> What is expected: Set down without change every line from the line that contains "In body safe" through the end of the listing, and only those lines. No pictures.

> Dataset extract:
++++

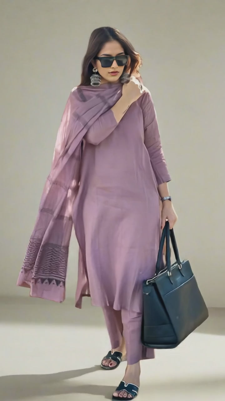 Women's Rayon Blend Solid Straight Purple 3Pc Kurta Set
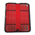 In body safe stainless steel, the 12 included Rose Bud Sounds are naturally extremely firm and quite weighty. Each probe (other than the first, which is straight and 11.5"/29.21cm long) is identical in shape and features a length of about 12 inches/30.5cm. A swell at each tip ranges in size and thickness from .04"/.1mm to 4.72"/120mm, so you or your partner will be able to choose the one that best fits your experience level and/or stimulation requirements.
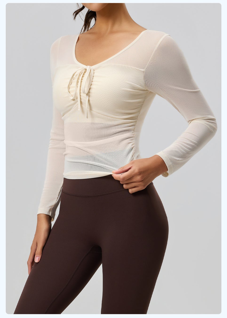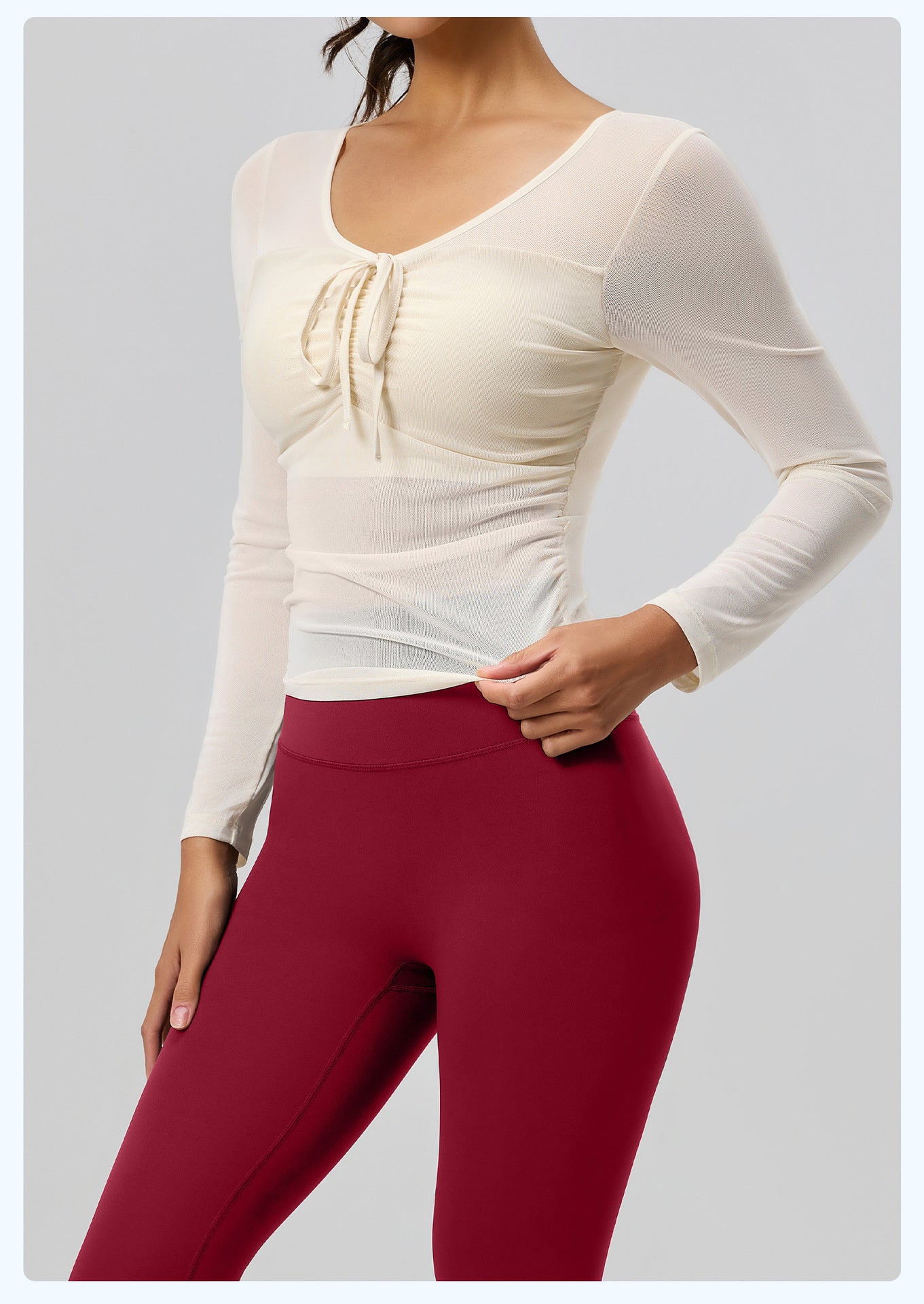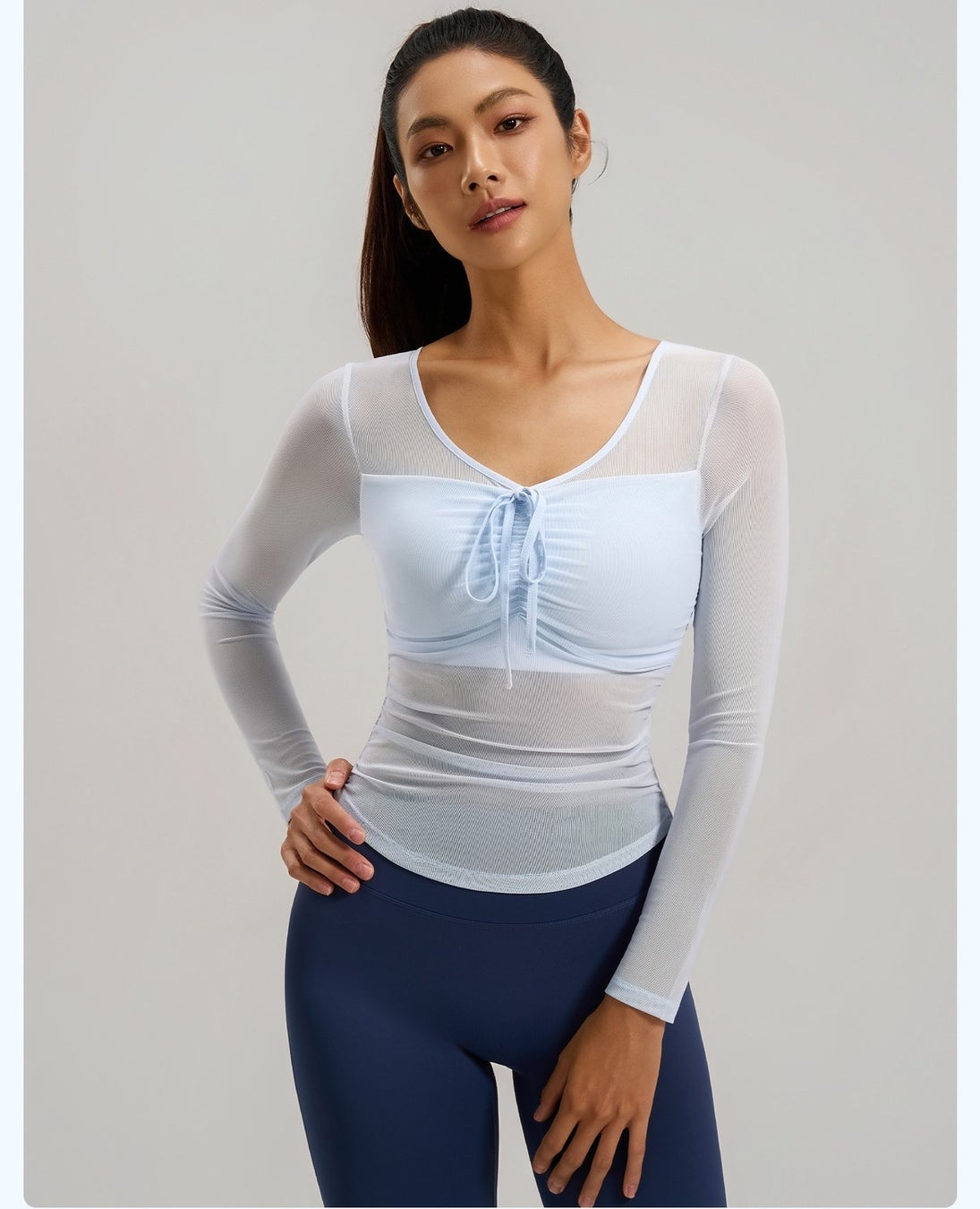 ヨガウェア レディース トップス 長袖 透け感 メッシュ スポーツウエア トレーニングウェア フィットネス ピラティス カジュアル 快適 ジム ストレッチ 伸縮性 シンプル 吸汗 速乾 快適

++++

> Solution to the problem:
 In body safe stainless steel, the 12 included Rose Bud Sounds are naturally extremely firm and quite weighty. Each probe (other than the first, which is straight and 11.5"/29.21cm long) is identical in shape and features a length of about 12 inches/30.5cm. A swell at each tip ranges in size and thickness from .04"/.1mm to 4.72"/120mm, so you or your partner will be able to choose the one that best fits your experience level and/or stimulation requirements.
 ヨガウェア レディース トップス 長袖 透け感 メッシュ スポーツウエア トレーニングウェア フィットネス ピラティス カジュアル 快適 ジム ストレッチ 伸縮性 シンプル 吸汗 速乾 快適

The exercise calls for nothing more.